Saturday, March 26, 2011

Qrusade/AG--3-26-11.Workout Cardigan

Aye, we planted the wounded ShovelFlag in the Gloom and The Faithful gathered:

SixMike
Pascal
P-Bo
Kit
THE Rook
Davy
Moniteur
Waco
Witchita Kid
Fetts
Zoot
SuperDave
Natty Light
WarDaddy
Antonio Table                                                                   
MMOB
Haywood
Dredd
SweeperBoy
Senor Chips
DarkWarrior
Irish Goodbye
SnapFade
Griswold
THE Cougar
Rock
Warthog
Ann & Hope
Fletch

Thang: 

            Bifurcation:  Group Zoot and Group Dredd

Group Zoot:  We’re currently lacking G2 on what happened in Group Zoot.  We think it was pretty tough because the Faithful seemed tuckered at changeover.  Somebody needs to post the G2 as a comment hereto, AYE.

Group Dredd:   We weaved a multiple DoubleApplesauce in with a Randorama, Plankerama, Mary and a Pusherama.  Basic stuff done to exhaustion.  Good reminder that The Fern is not necessary to get to TBQ. 

NakedMan Moleskin:

1.       FNG:  Natty Light.  Although not an FNG to the Qrusade/Nation (he appears [ahem] sporadically at other Q-sanctioned events), this AM was in fact N-Light’s first appearance on the QAG.  His inability to stay in cadence on, well . . . anything is proof both of his FNGness and his inexcusable failure to study and internalize the award winning video “How To Count.”  TClaps with an admonishment to get it together Brother.

2.       Kotters:  Fetts, SnapFade, Irish Goodbye (actually, he pulled an Irish Hello this AM by sneaking in out of the Gloom without saying a word—tricky . . . .)

3.       WarBaby:  Natty Light—26 (hate you).

4.       WarDaddy:  The WarDaddy himself—59 years young.  Tclaps to the ancient warrior Brothers.  It’s going to take a lot more than a Jacob’s Ladder to make this guy pull an Emotional LarryDrew. 

5.       Emotional Scaffolding:  Since BigBang we’ve known him as Smokin Joe.  But there’s always been that feeling of temporariness about that name.  Really, it’s only the “Joe” part that makes any sense.  But you cannot rush these things.  Generally, they have to reveal themselves, and patience is rewarded.  And today was that day.  The man FKA “Smokin Joe” showed us who he truly is by breaking out a Workout Cardigan.  It was a thing of beauty.  Not only in its vague resemblance to Starsky’s sweater, but its absolute perfection in defining who the man BENEATH the man really is.  Brothers, I give you Griswold, the gift that keeps on giving—the whole year through.  Aye.  TClaps Griswold.  Smokin’ Joe, RIP. 

6.       Today’s Chuck:  There used to be a street named after Chuck Norris, but it was changed because nobody crosses Chuck Norris and lives.  Just Chuckin’ . . .

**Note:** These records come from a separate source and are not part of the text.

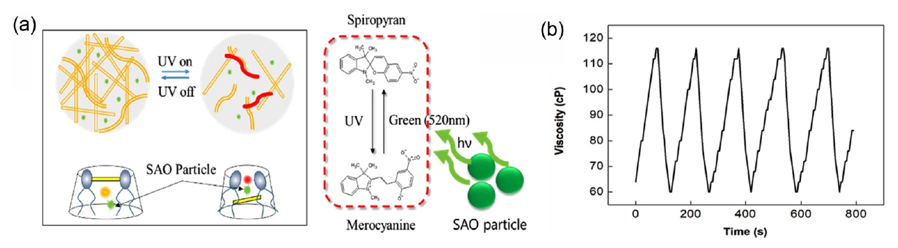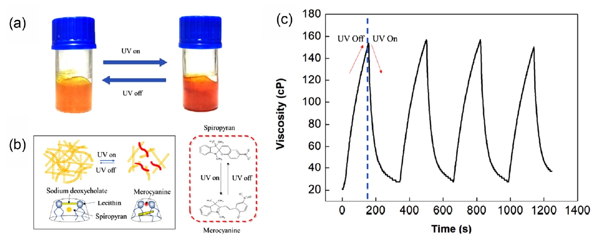 in color, from yellow to red, as illustrated in Fig 1(a). The aforementioned changes in microstructure are illustrated in Fig 1(b), while the measured cyclic viscosity response under light off and on is depicted
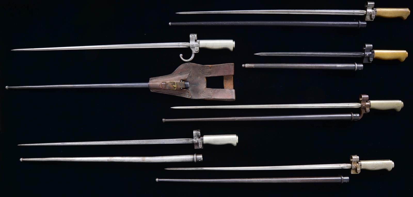 3) Model 1886 w/ 20 1/2" quadrangular blade. Crossguard w/out quillon. S# on crossguard. Silver colored alloy grip. Tubular steel scabbard. CONDITION: bayonet has wear, light oxidation, scattered spots of pitting & handling marks. Scabbard is turned overall gray w/ oxidation, sm. dents & handling marks.
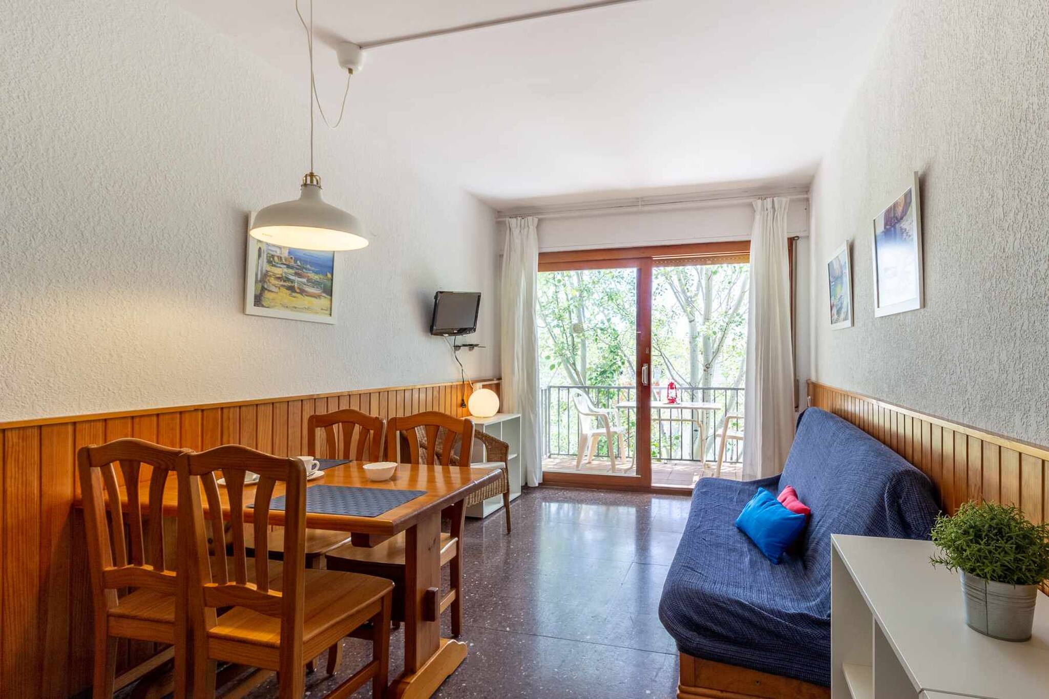 Menjador: sala d'estar amb 1 sofà llit individual, TV, taula de menjador amb cadires de fusta.
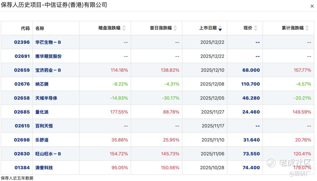 中信证券历史上作为保荐人参与了44个项目,暗盘有36家公司上涨,7家公司下跌,1家公司平盘,破发率15.91%;首日有37家公司上涨,6家公司下跌,1家公司平盘,破发率13.64%,破发率极低。中信证券在25年保荐数量具有显著的提升,并且在市场环境偏弱背景下维持较低破发率,说明其为数量规模与项目质量兼具的优质保荐机构。

7.       Today’s Anomaly:  MMOB brought a dog with him to the Gloom.  In response to Zoot’s query as to whether we have rules against dogs at the QAG, Dredd responded “see that’s the hard part about rules MoonPie.  You can’t make them before you know what crazy thing a guy is GOING to do that you might need to make a rule against.  It’s kind of a closing the door behind the cow thing.  If a man could anticipate crazy, he’d be a prophet not a rulemaker.”    Not quite satisfied with that response (sage as it was Brothers, sage as it was), Zoot queried MMOB directly as to what phase of the moon or necromantic rope-twist might have prompted  him to bring a dog to the QAG (note: it’s true that Apostle brings a “dog” to the Campos, but that “dog” is only slightly larger than a hamster, so . . . ), which prompted MMOB to say, “oh this poor guy stays cooped up in the house all day—it’s just not right.”   And he promptly turned around, and locked the dog in the trunk of his 92 Lexus for the duration of the workout.  Aye.